* [STORED DATA]:

****************

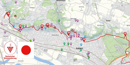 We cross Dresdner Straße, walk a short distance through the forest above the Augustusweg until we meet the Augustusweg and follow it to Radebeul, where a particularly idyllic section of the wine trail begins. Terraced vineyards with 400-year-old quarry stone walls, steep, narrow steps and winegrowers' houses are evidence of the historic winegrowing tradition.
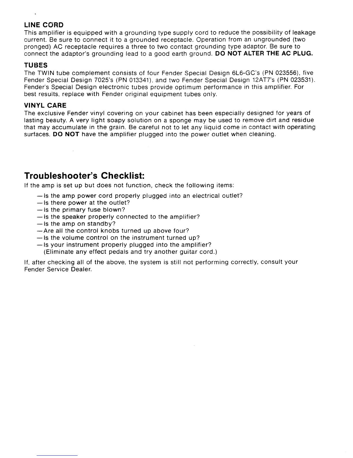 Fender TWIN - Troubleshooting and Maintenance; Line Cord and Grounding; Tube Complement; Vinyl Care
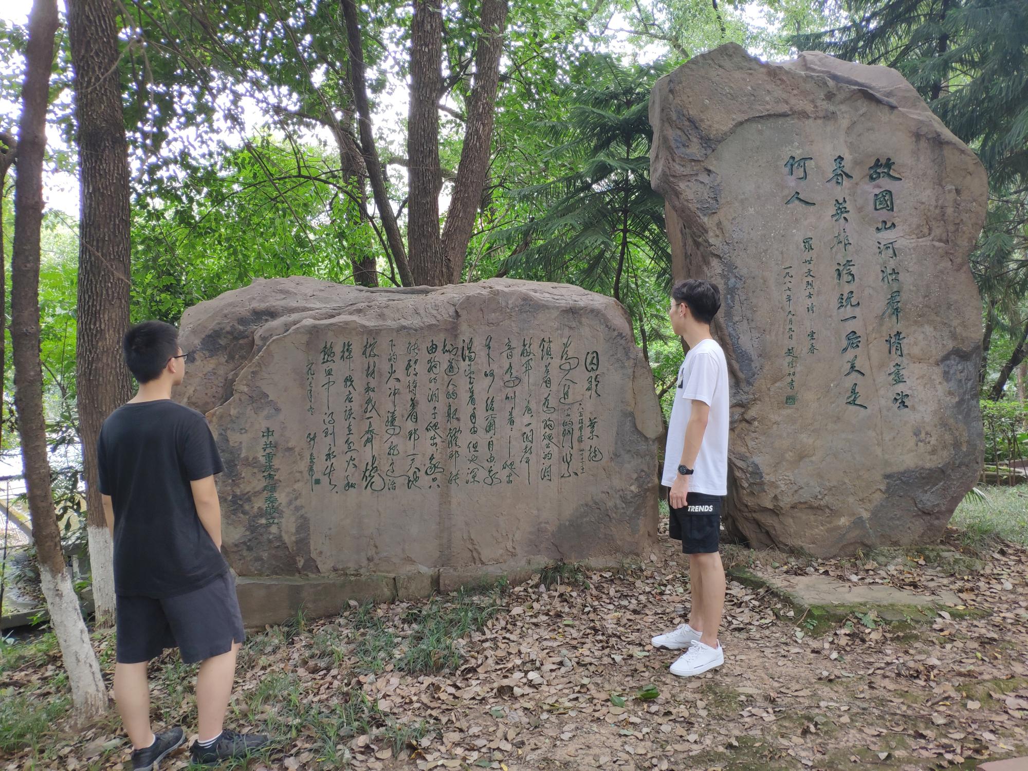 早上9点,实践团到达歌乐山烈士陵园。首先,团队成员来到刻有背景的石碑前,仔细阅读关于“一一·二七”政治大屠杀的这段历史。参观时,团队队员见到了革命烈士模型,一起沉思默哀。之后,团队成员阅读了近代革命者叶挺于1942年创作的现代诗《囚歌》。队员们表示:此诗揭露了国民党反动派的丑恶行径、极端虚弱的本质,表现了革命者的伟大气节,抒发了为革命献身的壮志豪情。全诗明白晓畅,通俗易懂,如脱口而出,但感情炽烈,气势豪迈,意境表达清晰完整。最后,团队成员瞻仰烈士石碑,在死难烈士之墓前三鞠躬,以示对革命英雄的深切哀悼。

****************

* [TASK STATEMENT]: Repeat the lines of the listing above verbatim, beginning at its first line and ending at the line containing "Fender TWIN - Troubleshooting", which is included. Omit pictures.

* [TASK RESULT]:
 We cross Dresdner Straße, walk a short distance through the forest above the Augustusweg until we meet the Augustusweg and follow it to Radebeul, where a particularly idyllic section of the wine trail begins. Terraced vineyards with 400-year-old quarry stone walls, steep, narrow steps and winegrowers' houses are evidence of the historic winegrowing tradition.
 Fender TWIN - Troubleshooting and Maintenance; Line Cord and Grounding; Tube Complement; Vinyl Care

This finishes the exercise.